**Record extracts**:
-------------------------

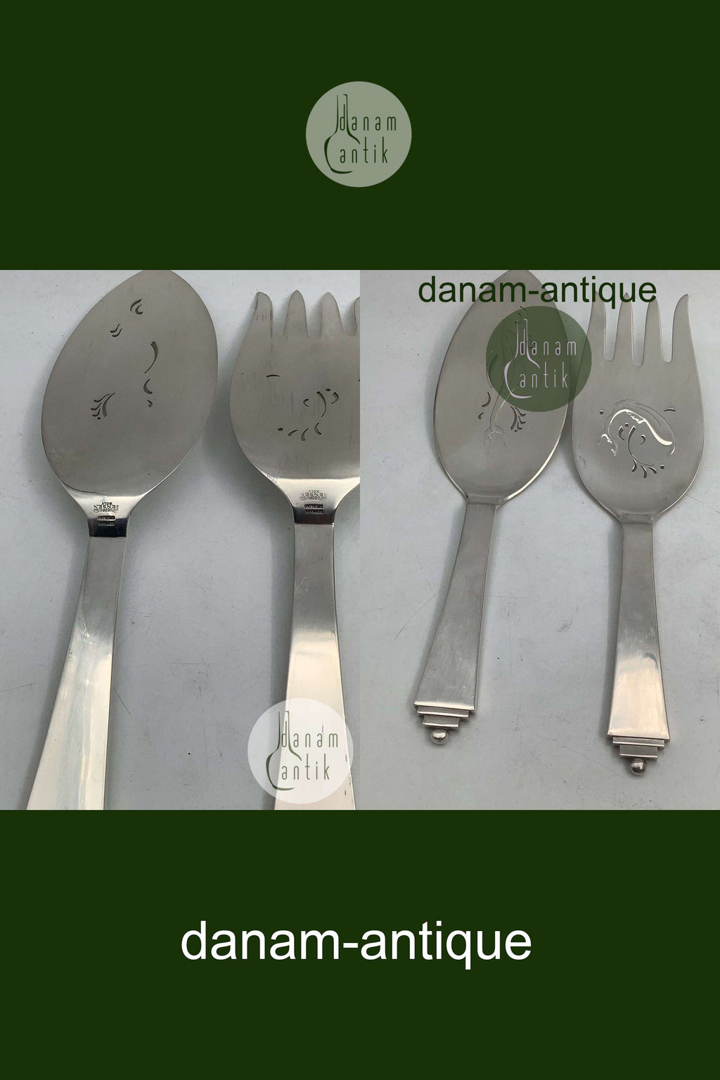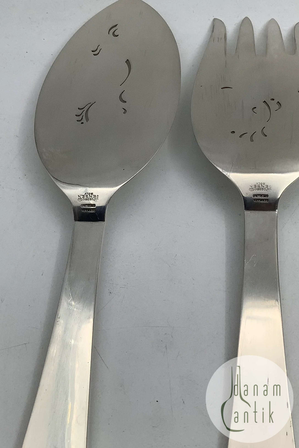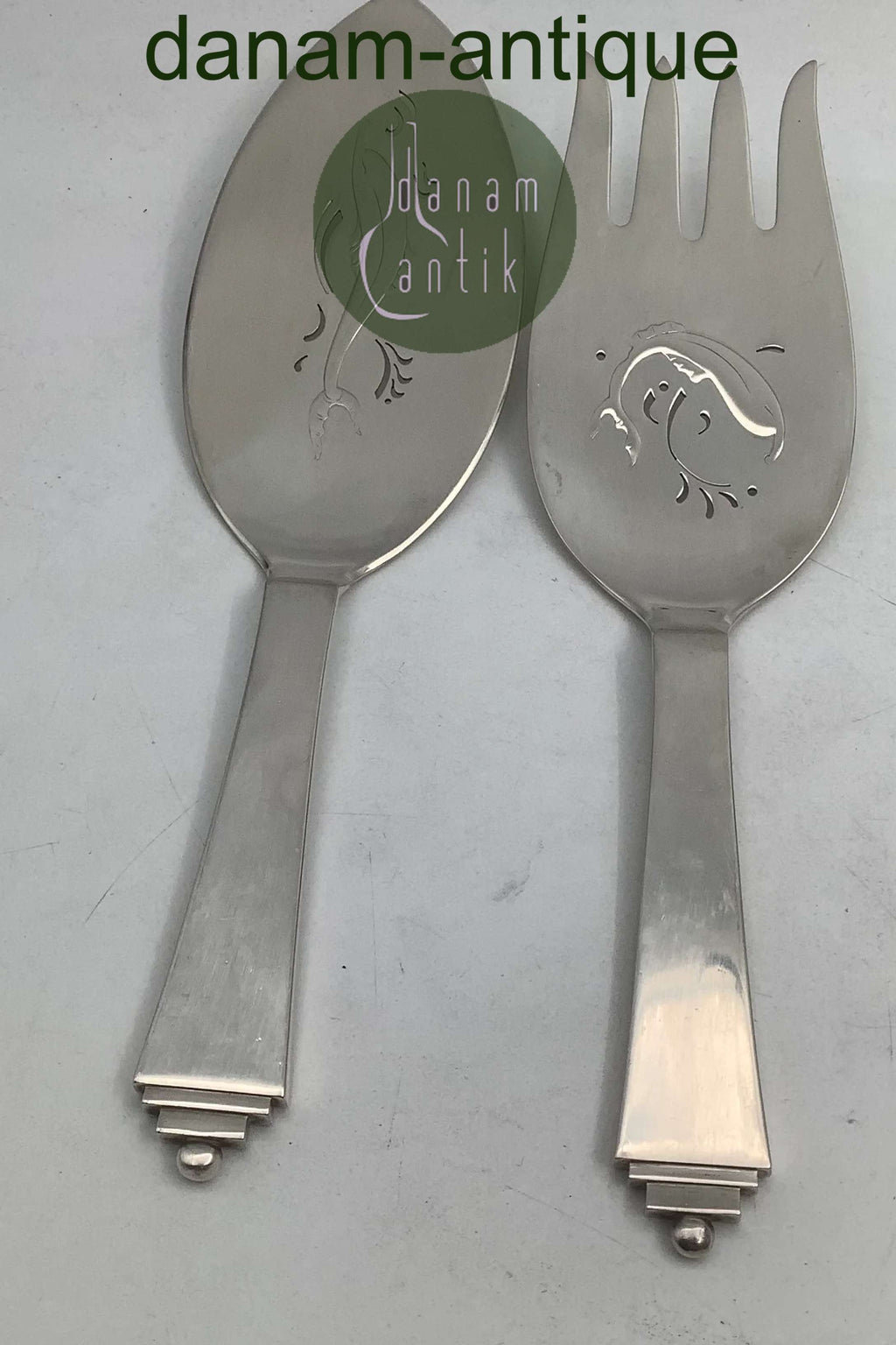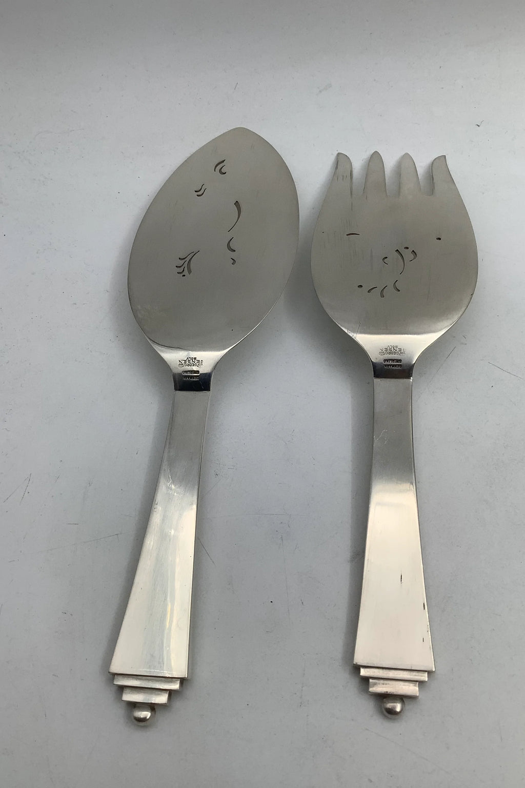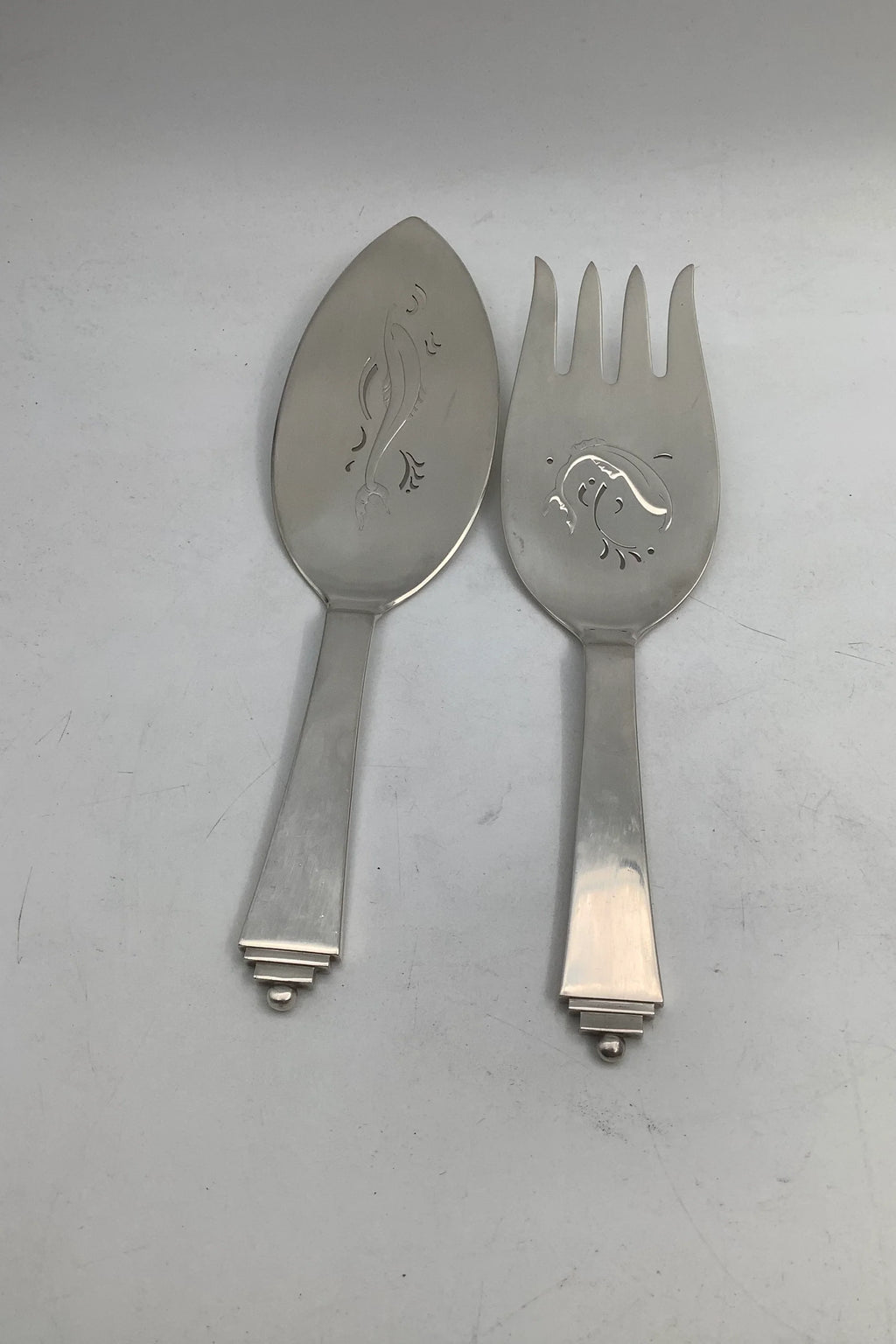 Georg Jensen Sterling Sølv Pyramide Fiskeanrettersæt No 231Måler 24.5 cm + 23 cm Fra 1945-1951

-------------------------

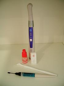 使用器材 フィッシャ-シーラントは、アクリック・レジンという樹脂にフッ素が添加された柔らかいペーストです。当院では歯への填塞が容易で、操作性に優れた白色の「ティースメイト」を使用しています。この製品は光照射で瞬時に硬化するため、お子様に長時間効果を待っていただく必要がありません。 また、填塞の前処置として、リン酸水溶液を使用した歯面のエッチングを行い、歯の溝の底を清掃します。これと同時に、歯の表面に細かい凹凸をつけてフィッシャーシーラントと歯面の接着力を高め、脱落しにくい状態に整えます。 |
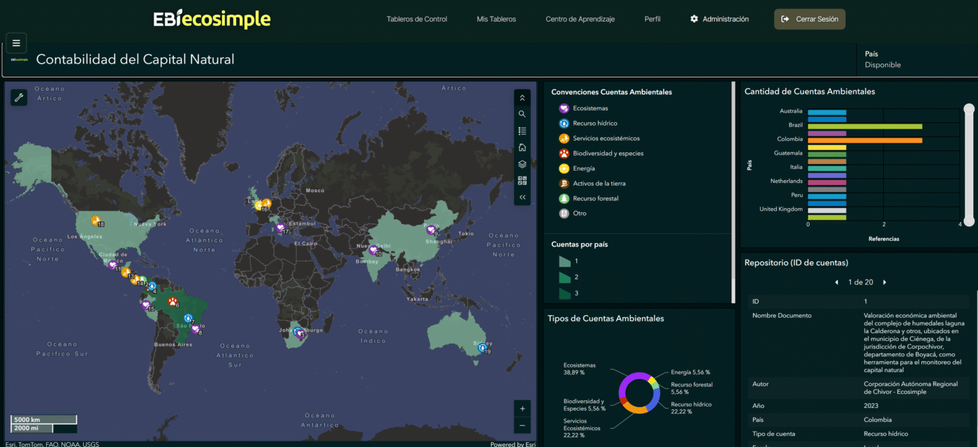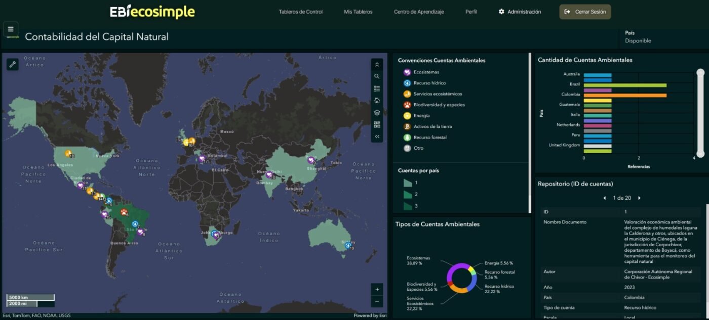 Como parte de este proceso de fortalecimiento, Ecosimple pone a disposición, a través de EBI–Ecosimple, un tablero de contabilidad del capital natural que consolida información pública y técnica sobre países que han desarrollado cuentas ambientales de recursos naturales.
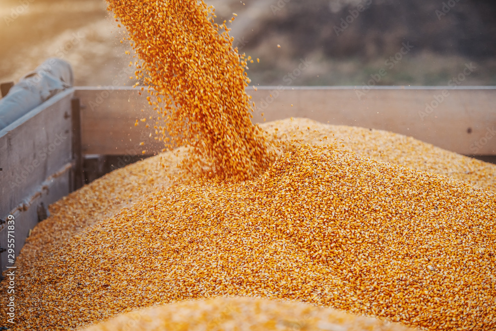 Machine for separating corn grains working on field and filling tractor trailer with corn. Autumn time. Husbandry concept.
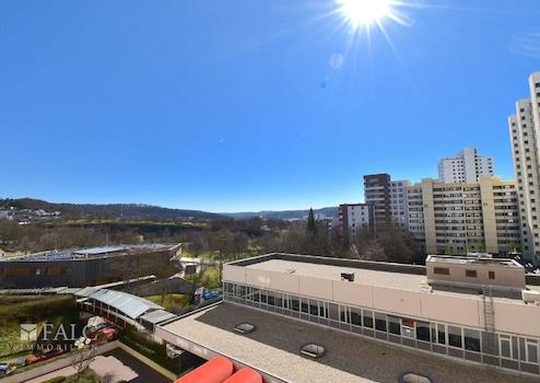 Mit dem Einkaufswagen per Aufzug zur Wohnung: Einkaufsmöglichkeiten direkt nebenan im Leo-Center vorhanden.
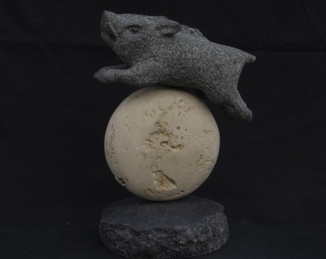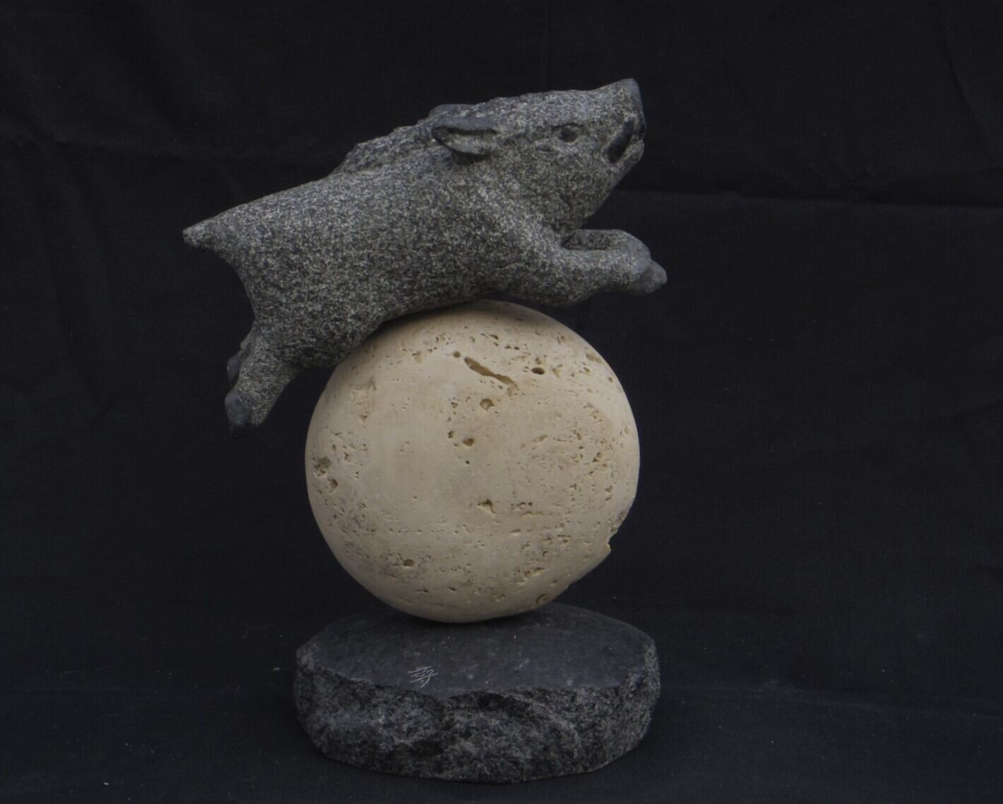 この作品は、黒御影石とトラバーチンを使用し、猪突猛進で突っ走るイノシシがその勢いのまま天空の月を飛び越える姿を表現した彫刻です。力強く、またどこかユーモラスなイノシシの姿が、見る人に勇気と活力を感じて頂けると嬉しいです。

-------------------------

**Task goal**: Extract the part of the records that opens with the line containing "Como parte de" and closes with the line containing "この作品は、黒御影石とトラバ". Take only those lines, exactly, and no pictures.

**Exercise solution**:
 Como parte de este proceso de fortalecimiento, Ecosimple pone a disposición, a través de EBI–Ecosimple, un tablero de contabilidad del capital natural que consolida información pública y técnica sobre países que han desarrollado cuentas ambientales de recursos naturales.
 Machine for separating corn grains working on field and filling tractor trailer with corn. Autumn time. Husbandry concept.
 Mit dem Einkaufswagen per Aufzug zur Wohnung: Einkaufsmöglichkeiten direkt nebenan im Leo-Center vorhanden.
 この作品は、黒御影石とトラバーチンを使用し、猪突猛進で突っ走るイノシシがその勢いのまま天空の月を飛び越える姿を表現した彫刻です。力強く、またどこかユーモラスなイノシシの姿が、見る人に勇気と活力を感じて頂けると嬉しいです。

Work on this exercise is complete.